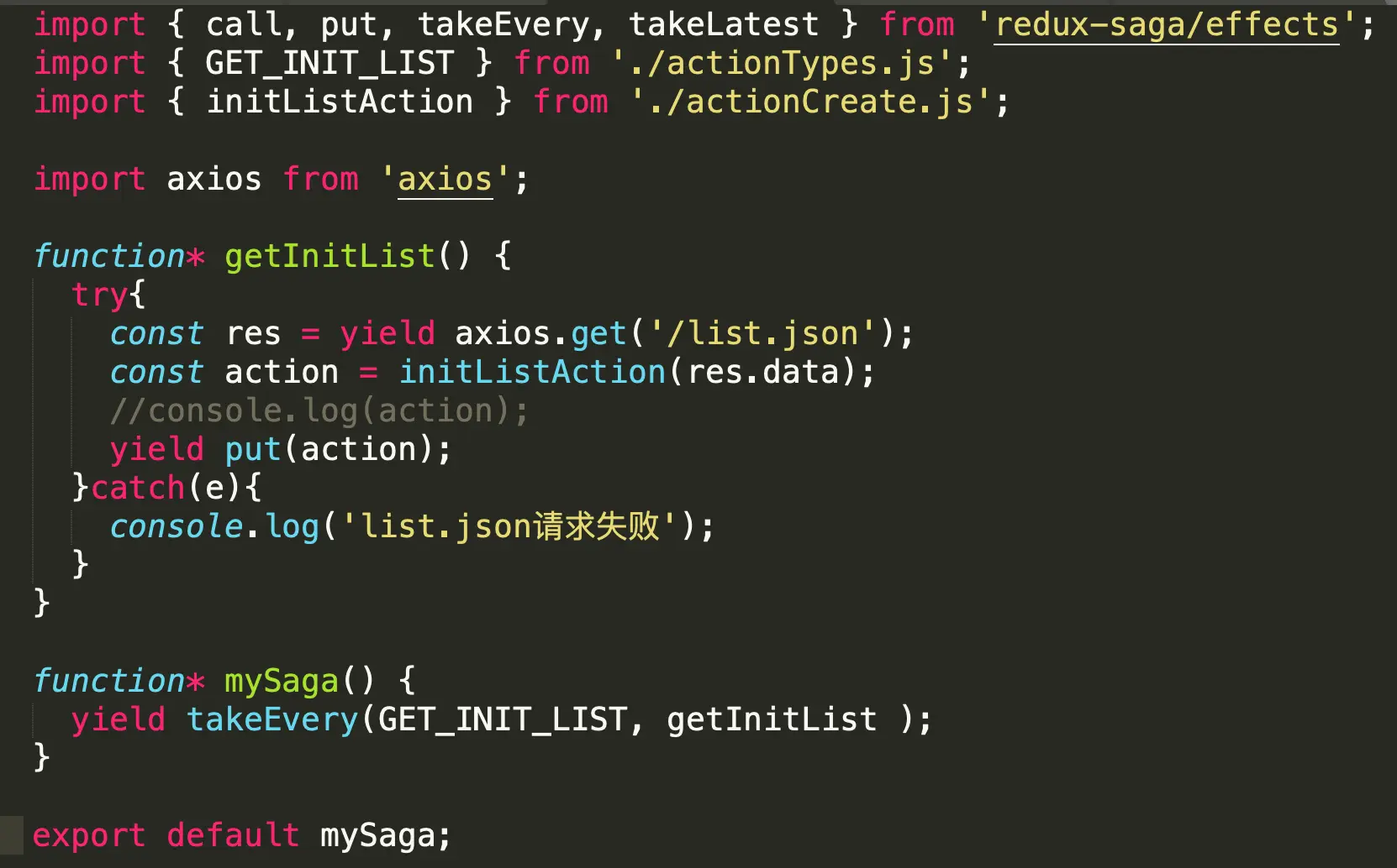 - 将异步请求代码写在sagas.js文件中
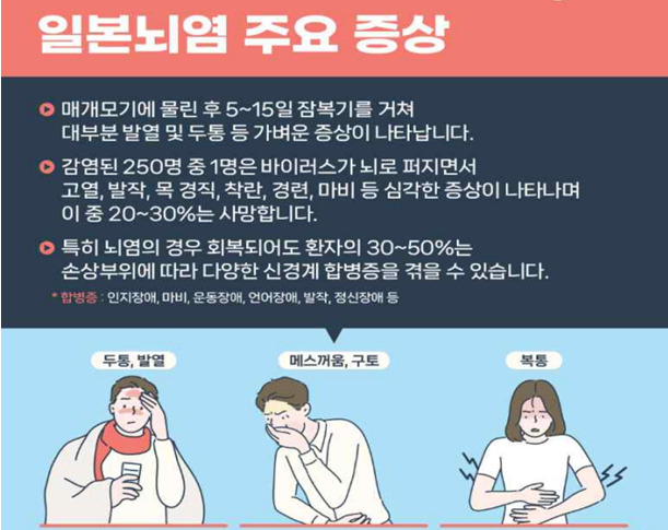 일본 뇌염 바이러스에 감염된 모기(코가타아카이에카)에 찔리는 것으로 우울한 감염증. 모기에 물린 후 6~16일 후에 발병한다. 인간으로부터 인간에게 감염되는 것은 아니지만, 모기의 활동이 활발해지는 여름에는 주의가 필요하다. 일본 뇌염 바이러스는 돼지 등 동물의 체내에서 증식하여 한 개체를 찌른 모기가 다른 개체를 찌르는 것으로 광범위하게 퍼져 나간다. 이 바이러스는 감염해도 대부분의 경우 증상이 없고, 눈치 채지 않는 정도로 끝나지만, 100~1000명에 1명 정도의 비율로 뇌염을 발병한다. 발병했을 경우 약 20~40%의 감염자가 죽음에 이르고 일명을 잡아도 많은 경우 뇌 등에 후유장애를 남긴다.
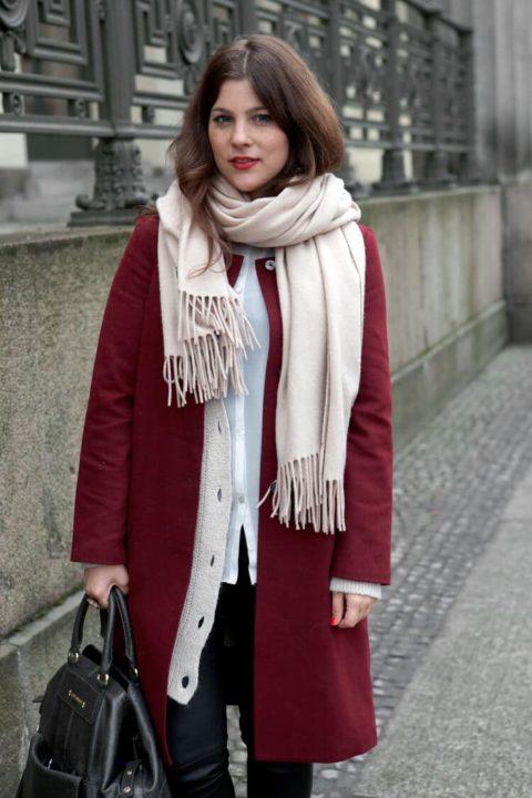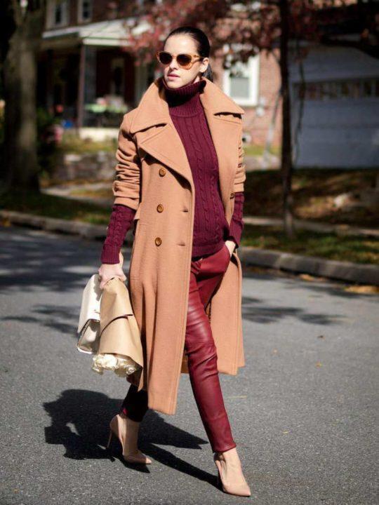 Avec la couleur bordeaux, vous pouvez combiner les mêmes choses bordeaux, uniquement avec une différence d’un ton. Les couleurs noir, gris, blanc et sable sont idéales pour cela.

━━━━━━━━━━

• **What the exercise asks**: Take the lines from the start of the material to the line with "일본 뇌염 바이러스에", both included, and transcribe them exactly without the pictures.

• **Response area**:
 - 将异步请求代码写在sagas.js文件中
 일본 뇌염 바이러스에 감염된 모기(코가타아카이에카)에 찔리는 것으로 우울한 감염증. 모기에 물린 후 6~16일 후에 발병한다. 인간으로부터 인간에게 감염되는 것은 아니지만, 모기의 활동이 활발해지는 여름에는 주의가 필요하다. 일본 뇌염 바이러스는 돼지 등 동물의 체내에서 증식하여 한 개체를 찌른 모기가 다른 개체를 찌르는 것으로 광범위하게 퍼져 나간다. 이 바이러스는 감염해도 대부분의 경우 증상이 없고, 눈치 채지 않는 정도로 끝나지만, 100~1000명에 1명 정도의 비율로 뇌염을 발병한다. 발병했을 경우 약 20~40%의 감염자가 죽음에 이르고 일명을 잡아도 많은 경우 뇌 등에 후유장애를 남긴다.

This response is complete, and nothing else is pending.